MCA § 27-19-201.  When preliminary injunction may be granted. An injunction order may be granted in the following cases:

(4)  when it appears that the adverse party, during the pendency of the action, threatens or is about to remove or to dispose of the adverse party's property with intent to defraud the applicant, an injunction order may be granted to restrain the removal or disposition;

This Court is bound to ensure justice is served and that no party may take advantage of another through fraud. Fraud, deceit, procedural manipulation, and acute regulatory failure have prevented due process and a full and fair contest of the facts of this case.

 

“[T]he law favors discovery and correction of corruption of the judicial process even more than it requires an end to lawsuits.”

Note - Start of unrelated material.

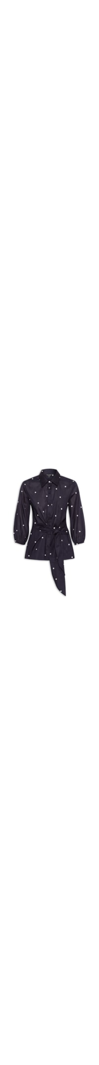 A camisa azul é confeccionada em tecido leve sem elasticidade. A peça solta ao corpo possui colarinho clássico, mangas 3/4 amplas com ajuste nos punhos, recortes posteriores, tiras alongadas nas laterais para amarração frontal, superfície em bordados e fechamento frontal por botões.

Lockwood v. Bowles, 46 F.R.D. 625, 634 (D.D.C. 1969)

 

“(N.Y.) Execution will be stayed by order of court to prevent fraud or great injustice, either perpetually or for a definite time” Lansing v. Orcott, 16 Johns. 4.

 

The recent appearance of Kenneth K. Lay claiming the Plaintiff is Wells Fargo, coupled with the letter of instruction from Hillary R. McCormack to the Lewis and Clark County Sheriff’s Office claiming this lawsuit is “Wells Fargo v. Nickerson” (see Brief in Support of Motion to Set Aside Judgment and Summary Judgment Order, and the Affidavit of Nick Nickerson in Support of Motions for proof of fraud and deceit practiced by opposing counsels) is reason enough that any reasonable person would see the necessity of granting an injunction postponing the sale.
Kenneth Lay cited,

 

“The allowance of a preliminary injunction is vested in the sound discretion of this Court, which has a “duty to minimize the injury or damage to all parties in the controversy.” Porter, 192 Mont. at 181-182, 627 P.2d at 839.

 

The requested injunction will minimize damage to both parties as explained throughout this reply brief, and in consideration of the facts this Court denied our Motion to Amend Answer, Counterclaim, And Demand For Jury Trial 174 days after it was deemed admitted, this Court refused to require Wells Fargo to comply with a subpoena, and HSBC and Wells Fargo have violated at a minimum M.R.Civ.P. 5.2 Privacy Protection for Filings Made With the Court; M.R.Civ.P. 7.1, M.R.Civ.P. 17(a), MCA § 25-9-205, MCA § 28-1-201, MCA § 28-1-211, MCA § 28-1-403, MCA § 28-1-1301, MCA § 30-14-103, MCA § 30-1-201. General Definitions(2)(v) ”Holder”(i); MCA § 32-9-170, MCA § 37-61-406, MCA § 45-6-325, MCA § 71-1-224, Montana Penal Code, Part I, Title VII, Chapter 4, Section 232; and 15 U.S.C. § 1641(g) among many others, it would be in the best interest of all parties to grant this injunction. No right to action can arise from an illegal act.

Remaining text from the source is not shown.